7.  `gprof` doesn't work for multithreading, so use `ET` to measure how long things take.


<div class="alert alert-block alert-danger">

**Only Gradescope Counts** The scores produced here **do not** count.  Only gradescope counts.  The results here should match what Gradescope does, but I would test your solution on Gradescope well-ahead of the deadline to ensure your code is working like you expect.
    
</div>

# Turning in the programming assignment/lab


You need to turn in your notebook and your programming assignment/lab in the specific gradescope item.  
After you complete the assignment/lab, you will turn it in by submitting your latest github repository.

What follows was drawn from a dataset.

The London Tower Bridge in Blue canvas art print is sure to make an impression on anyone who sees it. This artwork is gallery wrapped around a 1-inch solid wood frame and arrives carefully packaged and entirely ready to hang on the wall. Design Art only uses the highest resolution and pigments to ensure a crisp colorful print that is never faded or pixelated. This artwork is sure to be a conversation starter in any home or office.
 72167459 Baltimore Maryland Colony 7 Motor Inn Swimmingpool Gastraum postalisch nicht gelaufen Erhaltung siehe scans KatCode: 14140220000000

**Step 1:**  Save your workbook!!!

In [None]:
!for i in 1 2 3 4 5; do echo Save your files!!; sleep 1; done

**Step 2:**  Commit everything. Please run the following command.

In [None]:
!git commit -am "Yay! I am ready to turn in!"
!git push

**Step 3**: 
Submit through gradescope
You'll turn in your programming assignment by providing gradescope with your github repo of this assignment.   It'll run the autograder and return the results.